Bagi Indonesia yang merupakan net importir minyak, tingginya harga perlu diantisipasi dampaknya terhadap perekonomian nasional. Namun, Indonesia masih dapat mengambil berkah dari peningkatan harga gas. Konflik Rusia-Ukraina telah kembali meningkatkan harga gas global. Sementara itu, harga gas memiliki korelasi positif dengan peningkatan nilai ekspor gas di Indonesia. Sebagai gambaran, pada bulan Oktober, nilai ekspor gas Indonesia mencapai US$781 juta, kemudian meningkat di bulan November menjadi US$ 961 juta seiring peningkatan harga gas yang disebabkan oleh peningkatan permintaan gas dan krisis energi Terutama di Eropa.
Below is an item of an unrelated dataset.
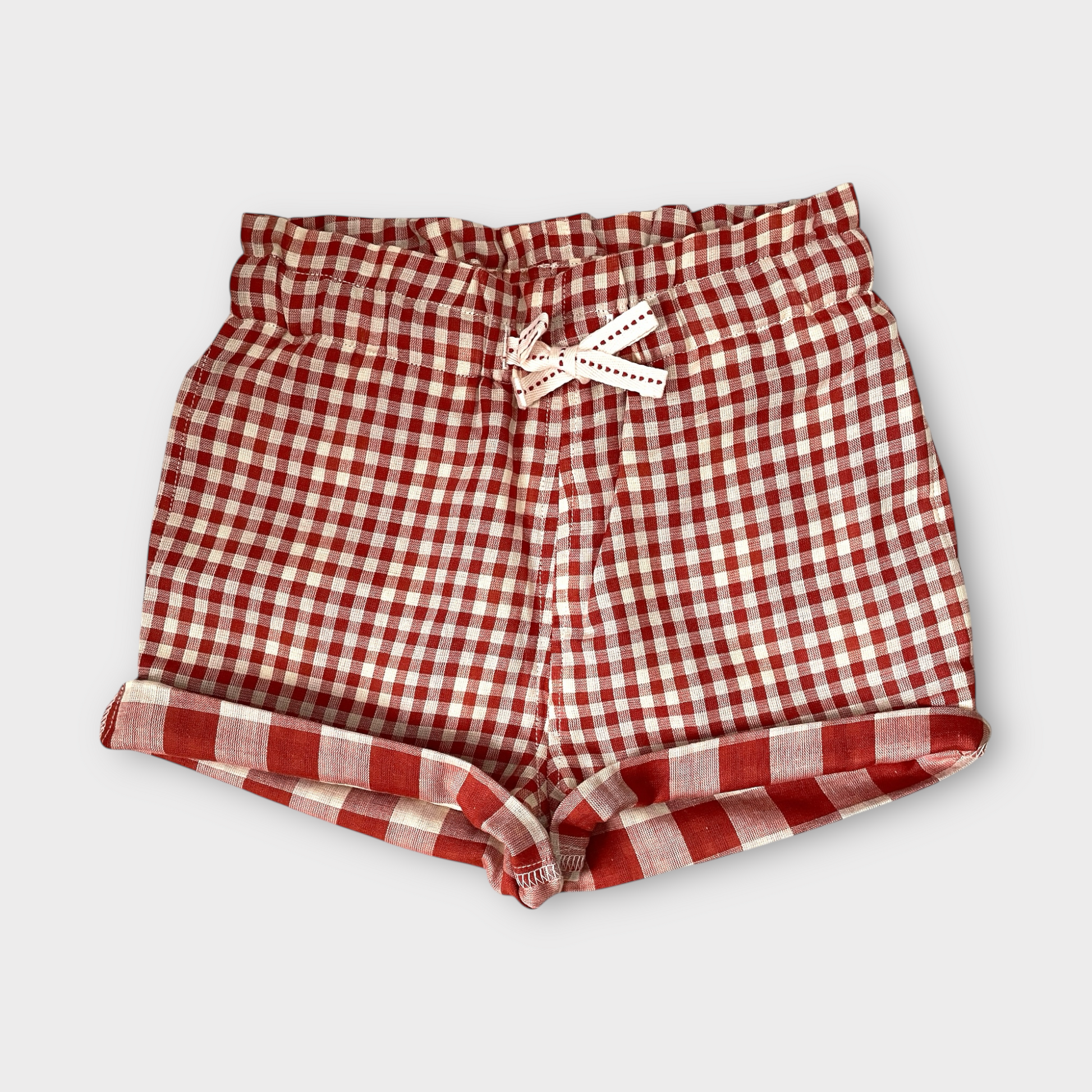 The cutest gingham shorts made from soft woven fabric that is long-lasting. Double woven cotton adds a little contrast when rolled up!ย

Ketika harga gas mengalami tren penurunan pada bulan Desember 2021 dan Januari 2022, nilai ekspor gas juga kembali turun.

Walaupun kita dapat melihat sisi positif dari konflik Rusia-Ukraina. Perang merupakan suatu hal yang patut untuk dikutuk. Apalagi dalam situasi ketika dunia berusaha untuk kembali pulih dari pandemi dengan tingkat vaksinasi yang masih timpang dan jurang kesenjangan sosial yang semakin lebar. Belum lagi, dunia masih perlu bekerjasama dalam melakukan transisi energi dan mengatasi perubahan iklim. Konflik Rusia-Ukraina ini merupakan contoh buruk bagi generasi muda.

Dalam situasi ini, pemerintah Indonesia perlu untuk berperan lebih untuk menghentikan konflik Rusia-Ukraina dan memperjuangkan dengan lantang tema presidensi G20 Indonesia tahun ini, "Recover Together, Recover Stronger."